Начали собираться остальные гости, и у Армана не было случая поговорить с Пьером наедине о его новой подруге, но в конце вечера Пьер сам отвел Армана в сторонку, однако заговорил не о Марии-Луизе.
— Я думаю, ты должен знать. Мои родители скоро уедут. Они напуганы. Они уедут надолго, до самого конца этой вонючей войны. Мы никому не говорим об этом, но ты такой добрый друг, что они захотели с тобой попрощаться.
— Когда они уедут?
— В следующую среду.
— Я приду послезавтра, хорошо?
Пьер кивнул.
На следующий день мадам Дю Пре вышла из дому к своему зеленщику, который обещал оставить для нее зеленый горошек. Она не вернулась. Пьер и месье Дю Пре пошли ее искать, и лавочник рассказал, что немецкий солдат швырнул ее в машину и увез.
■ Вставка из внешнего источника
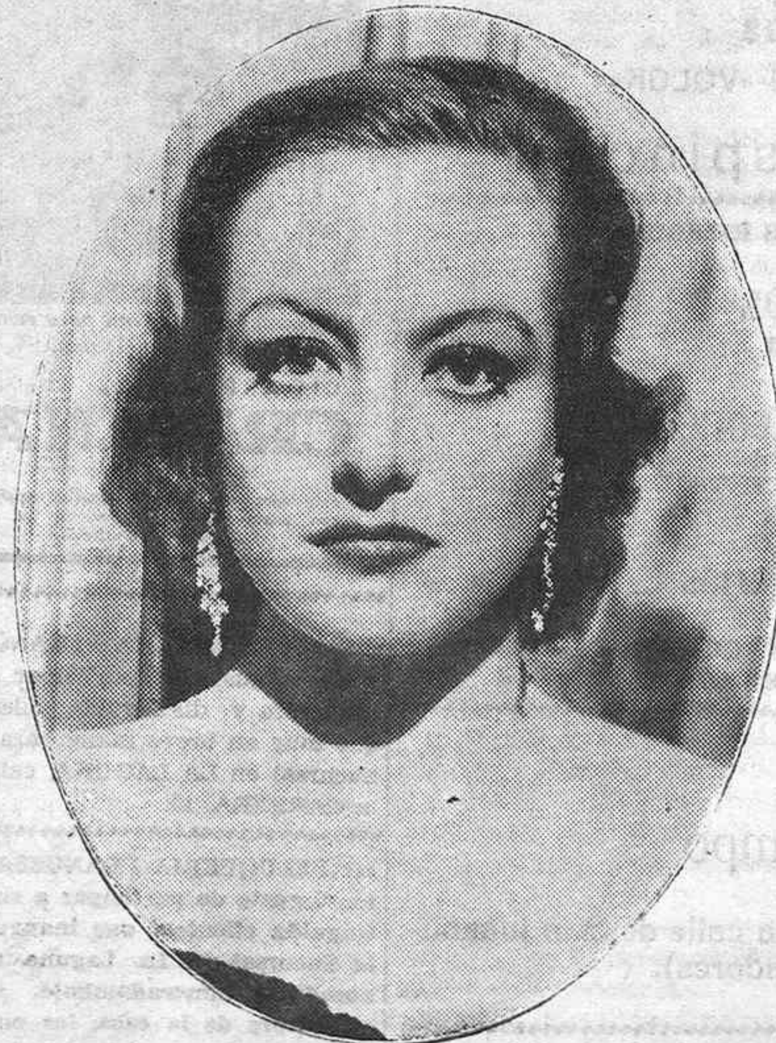
BELLEZAS DEL CINEMA

Месье Дю Пре громко зарыдал; Пьер беспомощно держал его за плечо, не находя слов утешения.
За неделю месье Дю Пре превратился в старика. Он ходил по комнатам, повторяя имя жены, ничего не ел. Ему хотелось умереть.
— Еще есть надежда, — уверял его сын, но сам он надежду уже потерял и сделал ставку на выживание. Пьер зарегистрировал в мэрии брак с Марией-Луизой, и через три часа они уехали в деревню, где у Дю Пре сохранился дом. Отъезд в деревню мог бы спасти мать, но теперь спасаться надо было Пьеру — сыну еврейки. И по закону иудаистской религии и по установлениям гитлеровского права он считался евреем.
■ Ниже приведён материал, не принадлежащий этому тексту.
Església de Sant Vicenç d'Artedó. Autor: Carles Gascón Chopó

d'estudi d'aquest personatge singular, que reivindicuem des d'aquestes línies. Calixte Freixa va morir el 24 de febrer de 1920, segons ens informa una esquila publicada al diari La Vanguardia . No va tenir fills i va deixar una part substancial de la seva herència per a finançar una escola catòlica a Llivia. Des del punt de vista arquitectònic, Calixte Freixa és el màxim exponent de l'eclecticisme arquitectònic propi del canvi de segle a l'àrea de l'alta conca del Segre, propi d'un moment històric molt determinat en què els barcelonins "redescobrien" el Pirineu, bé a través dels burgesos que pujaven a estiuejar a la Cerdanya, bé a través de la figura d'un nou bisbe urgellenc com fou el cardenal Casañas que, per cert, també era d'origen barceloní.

Арман был единственным свидетелем на свадебной церемонии. Когда он прощался с семьей Дю Пре, Пьер прошептал ему на ухо свой адрес: — Приедешь к нам, если тут придется туго! Даст Бог, найдешь нас живыми…
Арман крепко поцеловал его и пожелал удачи.
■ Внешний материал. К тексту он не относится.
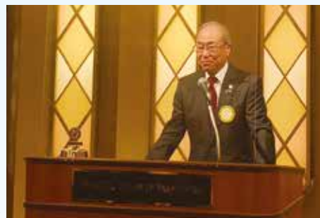
八田 光ガバナー ▶
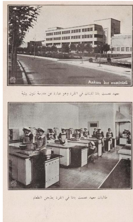
Şekil 2. Ankara'daki İsmet Paşa Kız Enstitüsü; Ev Sanatları (Ev Ekonomisi) Okulu Niteliğindedir. Ankara'daki İsmet Paşa Kız Enstitüsü Öğrencileri Yemek Pişirirken (el-Cemâlî, 1938, s. 51).

Yukarıdaki cümlelere göre, kızlar meslek okullarında güçlü bir şekilde ev içi rollerine de hazırlanmaktadır. Ev içi rollerini bilinçli bir şekilde benimseyen kızlar sayesinde, daha mutlu bir aile yapısının ortaya çıkacağı varsayılmaktadır. Kitabında, bu kurumlara dair bazı fotoğraflar da vermektedir. Aşağıdaki Şekil 2 ve Şekil 3’deki fotoğraflar buna örnek verilebilir:

— Тебе тоже. — Пьер попытался пошутить: — Эй, старик, только уж ты не суй свой «золотой нос» куда не надо! Не попади в беду, веди себя смирнехонько!
Пьер очень переживал отъезд друга. Семья Дю Пре сыграла огромную роль в его жизни. Он давно выплатил денежный долг, но долг благодарности был безмерным. Писать им он не мог, потому что преследования евреев усилились — их хватали не только на улицах, но и в собственных домах. Нелегко приходилось и французам. Парижане голодали, на улицах не осталось бродячих кошек — их ловили и жарили, стреляли и ели и ворон, хотя врачи предупреждали об опасности этой пищи. Только немногие богатые обитатели столицы жили по-прежнему: ходили в ночные клубы и рестораны, посещали театры, продукты покупали на черном рынке.
В их числе был и Арман. Он не ошибся, когда решил, что спрос на парфюмерию сохранится. Многие парфюмерные фабрики закрылись, так, прекратила свою деятельность фирма Монтальмонов — старинных соперников парфюмерии Жолонэй. Это создало повышенный спрос на товары Армана. Немецкие офицеры покупали духи фирмы «Жолонэй» для своих жен в Германии и любовниц в Париже, пользовались одеколонами фирмы. Французские чиновники в Виши тоже гонялись за духами фирмы Армана. Сама мадам Петэн расхваливала аромат «Души». На день рождения матери Арман принес гуся, два окорока, копченую рыбу, шоколад и бутылку виски.
— Нацистская еда, — сурово заявил Морис. Жена возразила: — Я так изголодалась по всему этому, — и он не стал больше протестовать, но сказал сыну: — Мне надо поговорить с тобой!
— Хорошо, — отозвался Арман с наигранной беспечностью. Он догадывался, о чем хочет поговорить отец.
— Не здесь, — сказал Морис. — Завтра в четыре часа у крытого рынка.
Когда Арман пришел на условленное место, Морис уже ждал его. — Будем разговаривать на ходу, — отрывисто сказал он. Они прошли мимо маленького кафе, где в былые дни Арман нередко сидел во фраке с дамой в вечернем платье за тарелкой лукового супа, который там превосходно готовили.
— Ты в опасности, — резко сказал Морис, — тебя считают коллаборационистом. Покупатели твоего салона — немцы, люди знают, что ты продался врагам.
— Что такое «враги»? Они оккупировали нашу страну, и они живут рядом с нами, но ведь можно сосуществовать! Что мне, собственный нос откусить? Разве это нанесет им ущерб? Я продолжаю свое дело, ту работу, которой ты меня обучил.
Морис остановился, пропустив робко крадущиеся вдоль стены сутулые фигуры в рваных пиджаках с нашитыми впереди большими желтыми звездами и, показав на них Арману, сказал: — Сначала они, бедняги. Потом та же участь постигнет и нас.